Dataset excerpts

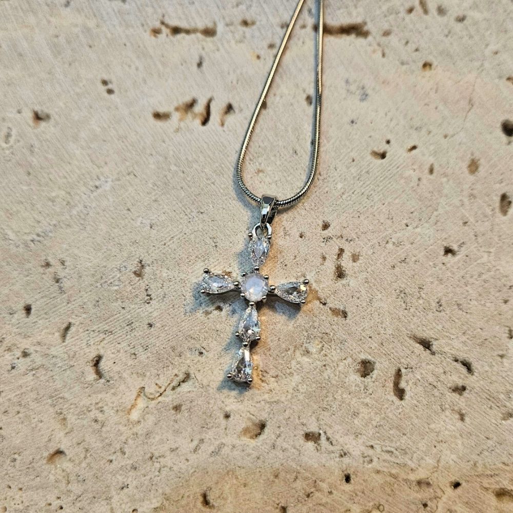 Κολιέ Σταυρός με Πέτρες Marquise – Ασημί
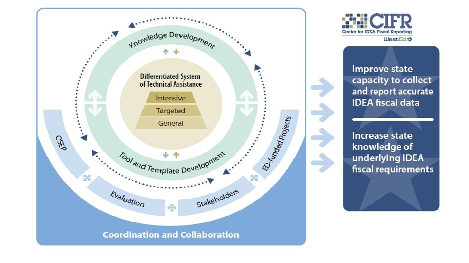 CIFR TA Engagement v On-site with key state staff v Train state staff on requirements v Analyze current and prior reports of funds made available v Assist in understanding from whom and when MFS data is/has been collected (not just the SEA!) v Ensure valid and reliable data collected and reported in current and prior years v Assist in OSEP conversations as needed/requested by state v Assist with development of written policies, procedures and practices for future MFS data collections
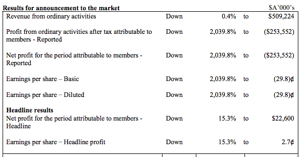 首先,误导性的(点击诱饵)标题显然不能代表今天呈现的实际结果(假设写它的人有金融头脑)。结果是下降的——但损失纯粹是合理的资产负债表修正的结果。
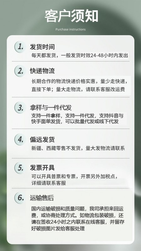 弊社が取り扱っている商品は、自社の海外工場から直送しています。ご入金が確認でき次第に商品を発送いたします。ご注文殺到時や、ご注文数量、種類が多い場合は、発送が遅れる可能性がございます、ご了承ください。ご注文商品の中に在庫がない商品につき、その商品のみキャンセルさせていただき、在庫のある商品のみをまとめて発送させていただきます。また、ご注文後の商品追加や、内容変更、同梱などはお受付しておりません。
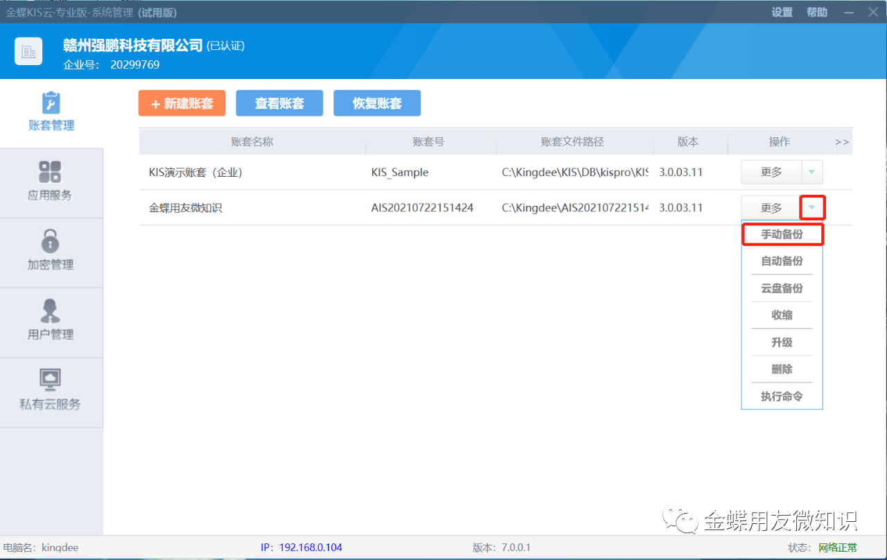 首先,進(jìn)入金蝶KIS云專業(yè)版系統(tǒng)管理,在賬套管理里選擇到需要備份的賬套來(lái),然后點(diǎn)“更多”右邊的下三角,出現(xiàn)手動(dòng)重備份

Exercise :: The entries above need to be printed again exactly; please exclude all pictures.

Expected answer ::
 Κολιέ Σταυρός με Πέτρες Marquise – Ασημί
 CIFR TA Engagement v On-site with key state staff v Train state staff on requirements v Analyze current and prior reports of funds made available v Assist in understanding from whom and when MFS data is/has been collected (not just the SEA!) v Ensure valid and reliable data collected and reported in current and prior years v Assist in OSEP conversations as needed/requested by state v Assist with development of written policies, procedures and practices for future MFS data collections
 首先,误导性的(点击诱饵)标题显然不能代表今天呈现的实际结果(假设写它的人有金融头脑)。结果是下降的——但损失纯粹是合理的资产负债表修正的结果。
 弊社が取り扱っている商品は、自社の海外工場から直送しています。ご入金が確認でき次第に商品を発送いたします。ご注文殺到時や、ご注文数量、種類が多い場合は、発送が遅れる可能性がございます、ご了承ください。ご注文商品の中に在庫がない商品につき、その商品のみキャンセルさせていただき、在庫のある商品のみをまとめて発送させていただきます。また、ご注文後の商品追加や、内容変更、同梱などはお受付しておりません。
 首先,進(jìn)入金蝶KIS云專業(yè)版系統(tǒng)管理,在賬套管理里選擇到需要備份的賬套來(lái),然后點(diǎn)“更多”右邊的下三角,出現(xiàn)手動(dòng)重備份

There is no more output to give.